Вокруг камина ван Хорн поставил несколько приземистых современных мягких кресел и полукруглый четырехместный диван, вероятно прихваченные из нью-йоркской квартиры и весьма потертые. Но в основном комнату заполняли произведения искусства, некоторые стояли прямо посередине. Гигантский, вопиюще раскрашенный, полунадутый гамбургер из винила. Белая гипсовая женщина за настоящей гладильной доской со свернувшимся у ее ног чучелом настоящего кота. Стопка сигаретных блоков «Брилло», которые при ближайшем рассмотрении оказались не изящно склеенными картонными коробками, а шелковыми лоскутами, тщательно натянутыми на большие прямоугольные каркасы, сделанные из чего-то основательного, неподвижного. Неоновая радуга, не включенная и запылившаяся.
Ван Хорн похлопал по особенно уродливой скульптурной композиции – обнаженная женщина, лежащая на спине с раздвинутыми ногами, – сооруженной из проволочной сетки, расплющенных пивных банок, старого фарфорового горшка, служившего животом, обрезков хромированного бампера и предметов белья, задубевших от лака и клея. Лицо, обращенное к небу, точнее, к потолку, было лицом пластмассовой куклы, с какими Александра играла в детстве: ярко-синие глаза, розовые, как у херувима, щеки и вырезанные из дерева, раскрашенные пастелью волосы.
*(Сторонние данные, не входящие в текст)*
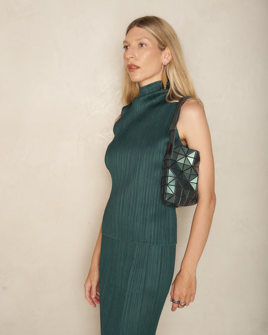 Dark Green Leaf Pleats Bag
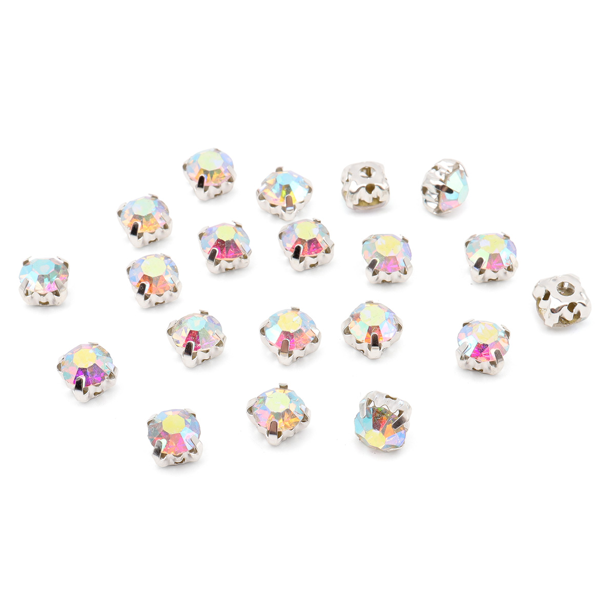СЦ001ДС66 Хрустальные стразы в цапах круглые (серебро) белый (с покрытием), 6 мм, 20 шт/упак
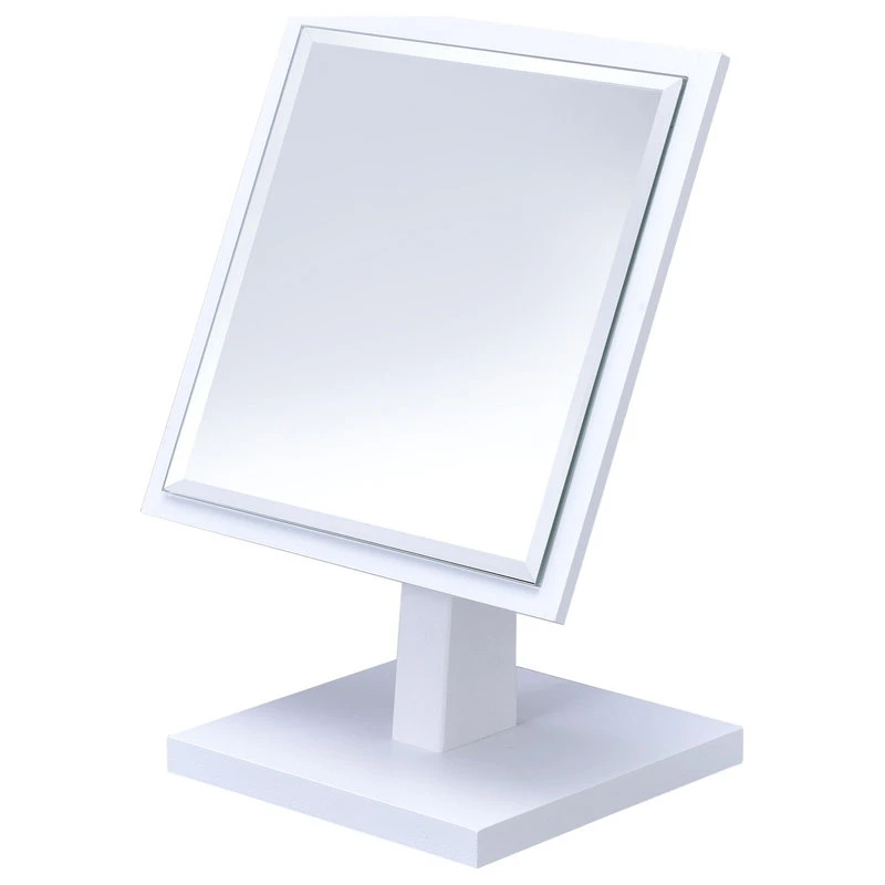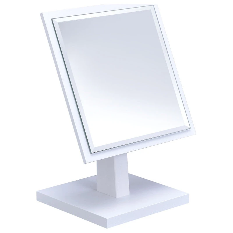 The Pretty White Square Make Up Vanity Mirror is a fashionable desktop mirror for easy and quick styling. The frame and stand are made of all-natural wood and veneers in a pretty, winter white color and feature a beveled square mirror. This chic modern mirror rotates 360-degrees making it ideal for trying on accessories, applying makeup, taking selfies, putting in contacts, or any other situations where a close up mirror is needed. Crisp and casually cool, this mirror will be a great addition to your bedroom, bathroom or desk. 9.5″H x 7″ W x 5.5″ D
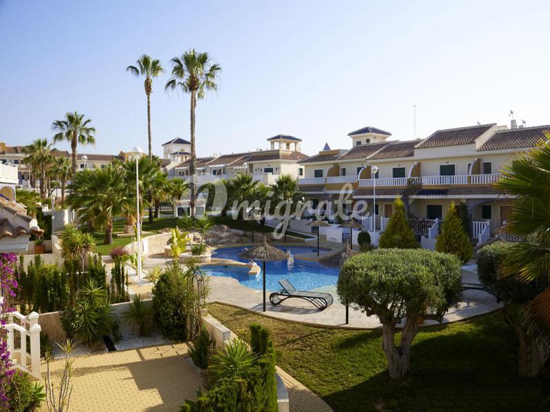 Таунхаус с отдельным входом и небольшим участком земли, расположенный в живописном жилом комплексе с бассейном и красивым садом. Жилой комплекс расположен в городе Ориуэла на побережье Коста Бланка в
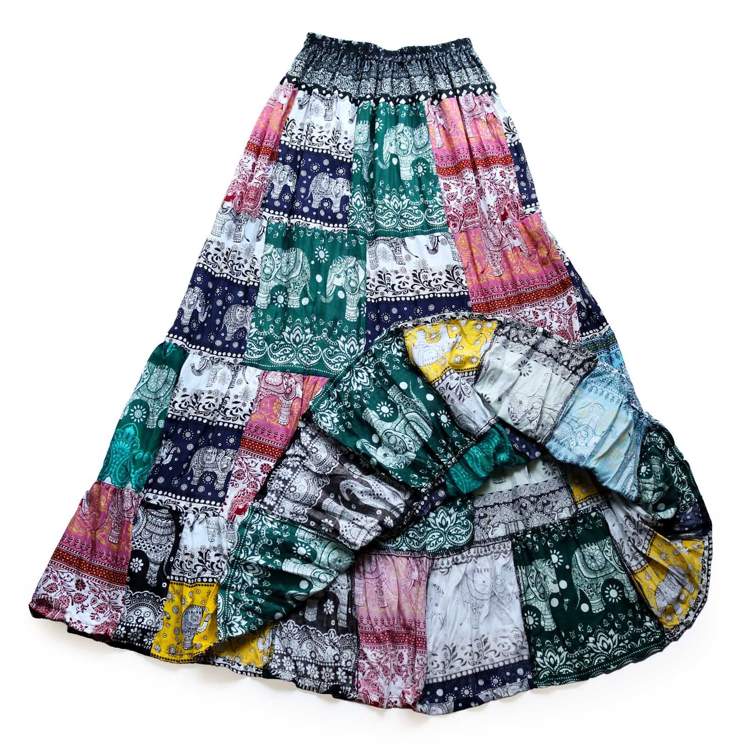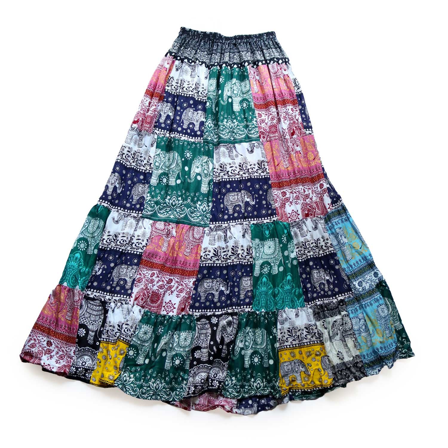 タイの色彩を一枚に凝縮。伝統的な象柄と花模様がダンスする、ボヘミアン・シックな主役級スカート。

– Вот это главный гений среди тех, кто творит ради денег, – сказал ван Хорн, вытирая губы сложенными щепотью пальцами. – Кинхольц. Марисоль в мужской ипостаси. Посмотрите, какая фактура: никакого однообразия и заданности. Вот на что вы должны нацелиться. Изобилие, Vielfaltigkeit[30]30
Многогранность (нем.).
[Закрыть], двусмысленность, понимаете? Не обижайтесь, Лекса, мой друг, но вы заладили со своими куколками и долбите одно и то же.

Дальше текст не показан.